_SOURCE MATERIAL:_
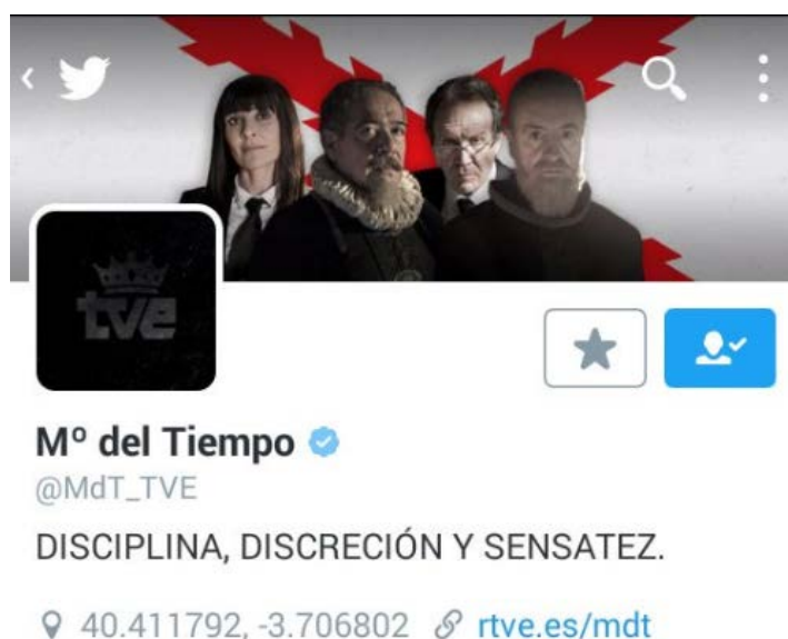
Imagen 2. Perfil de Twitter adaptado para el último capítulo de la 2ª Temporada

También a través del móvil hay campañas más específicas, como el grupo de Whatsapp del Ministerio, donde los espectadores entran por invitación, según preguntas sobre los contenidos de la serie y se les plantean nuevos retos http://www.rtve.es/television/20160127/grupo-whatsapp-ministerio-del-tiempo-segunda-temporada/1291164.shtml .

==

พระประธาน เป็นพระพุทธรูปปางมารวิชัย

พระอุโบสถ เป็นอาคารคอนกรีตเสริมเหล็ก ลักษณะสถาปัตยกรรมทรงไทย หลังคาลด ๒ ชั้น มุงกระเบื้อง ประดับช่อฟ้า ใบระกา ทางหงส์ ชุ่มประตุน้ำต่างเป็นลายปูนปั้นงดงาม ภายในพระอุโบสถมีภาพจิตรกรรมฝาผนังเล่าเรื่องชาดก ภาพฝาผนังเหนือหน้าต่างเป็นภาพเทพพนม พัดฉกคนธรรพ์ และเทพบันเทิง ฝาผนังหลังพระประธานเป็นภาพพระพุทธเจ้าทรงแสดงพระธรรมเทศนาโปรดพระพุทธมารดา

---

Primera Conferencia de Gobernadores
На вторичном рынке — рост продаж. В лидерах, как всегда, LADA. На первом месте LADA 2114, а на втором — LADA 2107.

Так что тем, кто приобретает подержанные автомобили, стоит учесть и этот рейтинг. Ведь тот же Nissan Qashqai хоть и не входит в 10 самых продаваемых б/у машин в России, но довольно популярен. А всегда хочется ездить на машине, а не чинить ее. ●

_REQUIRED ACTION:_ From the entries above, extract only the lines running from the one containing "Primera Conferencia de Gobernadores" through the one containing "Так что тем, кто", inclusive.

_RESPONSE TO THIS EXERCISE:_
Primera Conferencia de Gobernadores
На вторичном рынке — рост продаж. В лидерах, как всегда, LADA. На первом месте LADA 2114, а на втором — LADA 2107.

Так что тем, кто приобретает подержанные автомобили, стоит учесть и этот рейтинг. Ведь тот же Nissan Qashqai хоть и не входит в 10 самых продаваемых б/у машин в России, но довольно популярен. А всегда хочется ездить на машине, а не чинить ее. ●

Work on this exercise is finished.